Libro Nada De Carmen Laforet
Okay, lasst uns ehrlich sein. Carmen Laforets Nada. Ein Klassiker, sagen sie. Ein Meisterwerk? Vielleicht. Aber... ich habe da so meine Probleme mit dem Buch. Und ich bin bereit, es zuzugeben.
Barcelona in Grau? Eher in Schleierhaft!
Die arme Andrea kommt nach Barcelona. Voller Erwartung! Stellt euch vor: ein neues Leben, neue Möglichkeiten! Und was bekommt sie? Ein heruntergekommenes Haus in der Calle Aribau und eine Familie, die so dysfunktional ist, dass selbst die Addams Family neidisch wäre. Ich meine, hallo? Ist das wirklich die grossartige Stadt, von der alle schwärmen?

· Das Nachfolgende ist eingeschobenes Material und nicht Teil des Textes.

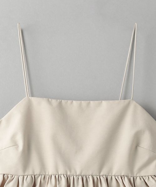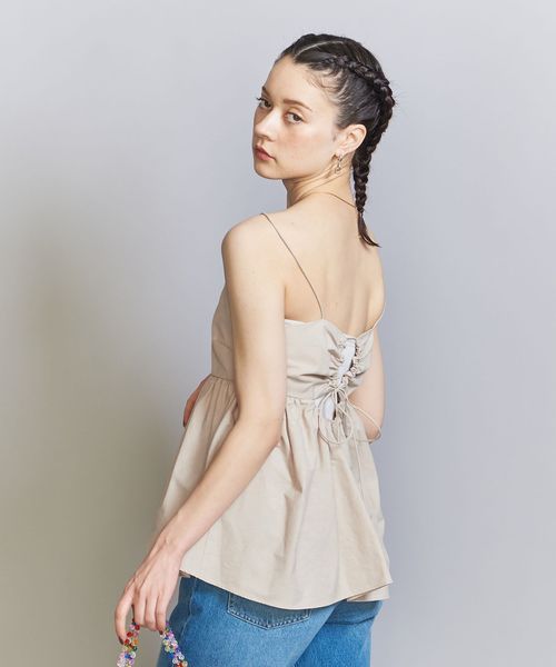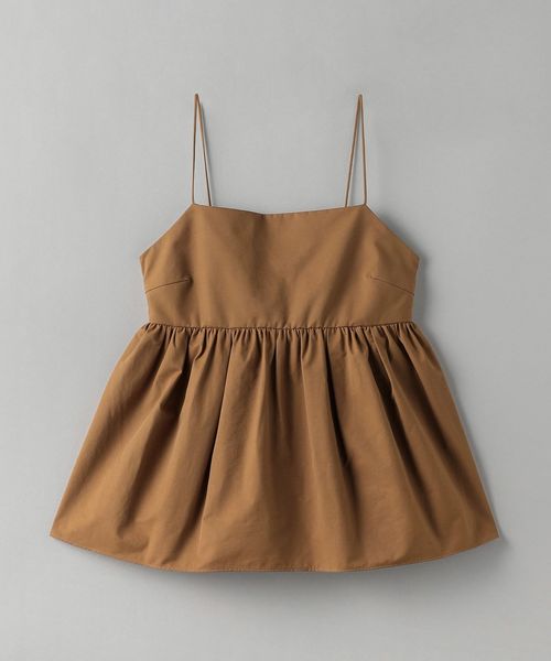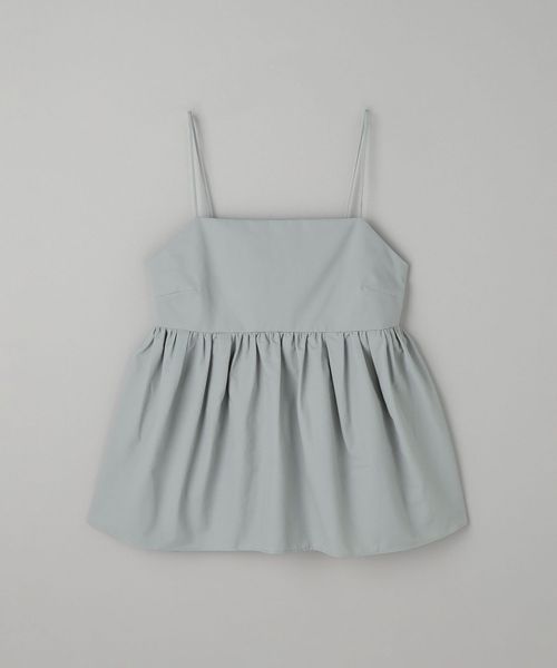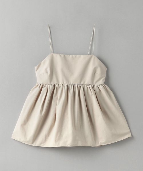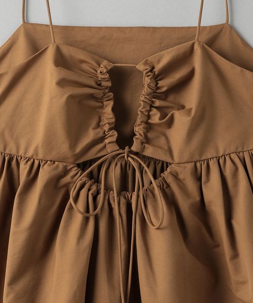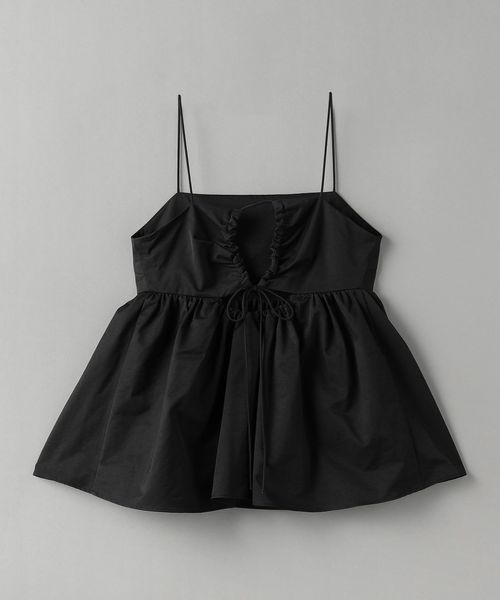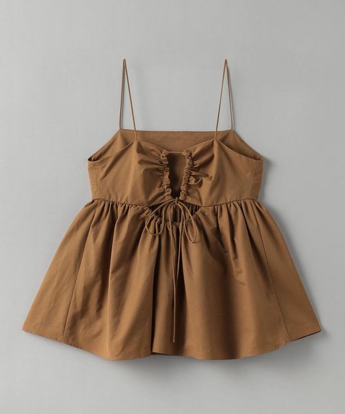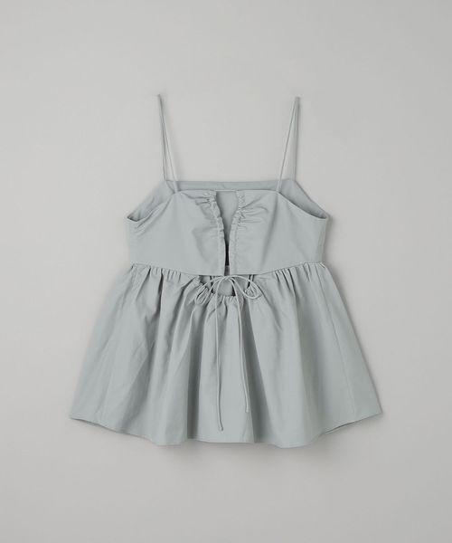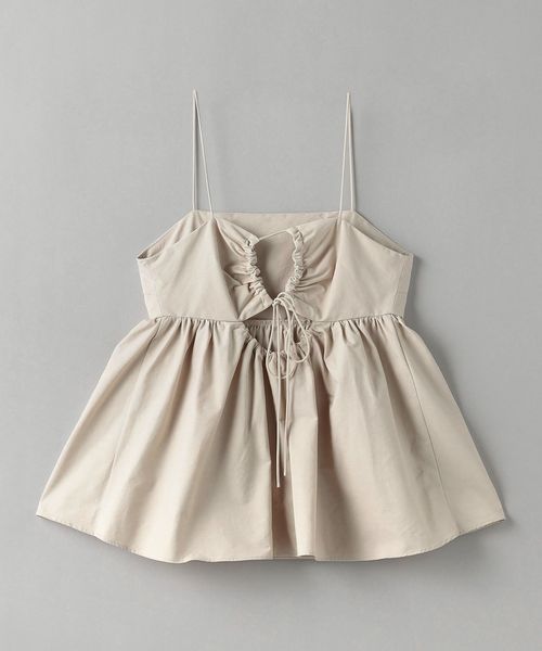 前のギャザーと後ろのバックホールのデザインがアクセントとなったキャミソールトップス。

Ich verstehe die Symbolik. Die Nachkriegszeit! Die Tristesse! Die Hoffnungslosigkeit! Aber trotzdem. Ich brauche etwas mehr Sonnenschein. Ein bisschen Farbe. Irgendetwas, das mir nicht das Gefühl gibt, ich müsste sofort eine Antidepressiva-Dosis erhöhen. Barcelona, wo bist du?
Die Familie? Brauchen wir wirklich so viel Drama?
Und dann diese Familie! Tante Angustias, die fromme Nervensäge. Onkel Román, der Künstler mit dem dunklen Geheimnis (und der zweifelhaften Hygiene). Und Gloria, die... nun ja, Gloria ist einfach Gloria. Eine wandelnde Katastrophe mit Hang zu fragwürdigen Entscheidungen. Ich meine, gönnt der armen Andrea doch mal eine normale Mahlzeit! Oder zumindest ein bequemes Bett!
Ich weiss, ich weiss. Es geht um die Darstellung der gesellschaftlichen Realität. Die klaustrophobische Atmosphäre. Die inneren Konflikte. Aber trotzdem. Manchmal wünschte ich, Andrea hätte einfach ihre Sachen gepackt und wäre zu einem All-Inclusive-Resort auf den Bahamas geflogen. Das hätte vielleicht auch gereicht, um die Nada-Probleme zu lösen!
Andreas Naivität: Süss oder Nervtötend?
Und dann ist da Andrea selbst. Oh, Andrea. Du bist so jung! So unschuldig! So... naiv! Ich weiss, sie ist jung. Sie ist unerfahren. Aber manchmal möchte man sie einfach schütteln und sagen: "Mädchen, sieh doch, was um dich herum passiert! Reagier mal!"
Ihr blinder Optimismus ist bewundernswert. Ihre Fähigkeit, trotz allem etwas Positives zu sehen, ist beeindruckend. Aber manchmal ist es einfach zu viel. Ein bisschen Zynismus hätte ihr vielleicht ganz gut getan. Oder zumindest ein guter Freund, der ihr mal die Wahrheit sagt.
Ich will Carmen Laforet nicht zu nahe treten. Ich verstehe, warum Nada so gelobt wird. Es ist ein wichtiges Buch. Es ist ein kraftvolles Buch. Aber für mich persönlich? Es ist einfach... anstrengend.
Das Ende: Befreiung oder Resignation?
Und das Ende! Andrea verlässt Barcelona. Sie geht nach Madrid. Ein neues Leben! Ein neuer Anfang! Aber irgendwie... fühlt es sich nicht wirklich nach einem Happy End an. Es fühlt sich eher nach einer Flucht an. Nach Resignation. Nach dem Akzeptieren einer Realität, die nicht unbedingt die beste ist.
Vielleicht ist das die Pointe. Vielleicht soll es nicht einfach sein. Vielleicht soll es uns zum Nachdenken anregen. Aber trotzdem. Ich hätte mir für Andrea mehr gewünscht. Ein bisschen mehr Glück. Ein bisschen mehr Hoffnung. Oder wenigstens ein vernünftiges Abendessen.
Nada ist ein wichtiges Buch. Aber vielleicht ist es auch ein bisschen überschätzt.
Also, da habe ich es gesagt. Meine unbeliebte Meinung über Nada. Jetzt steinigt mich ruhig. Aber vielleicht, ganz vielleicht, gibt es ja noch jemanden da draussen, der sich genauso fühlt. Und dem ich damit ein kleines Lächeln ins Gesicht zaubern konnte. Denn manchmal muss man eben auch über Klassiker lästern dürfen.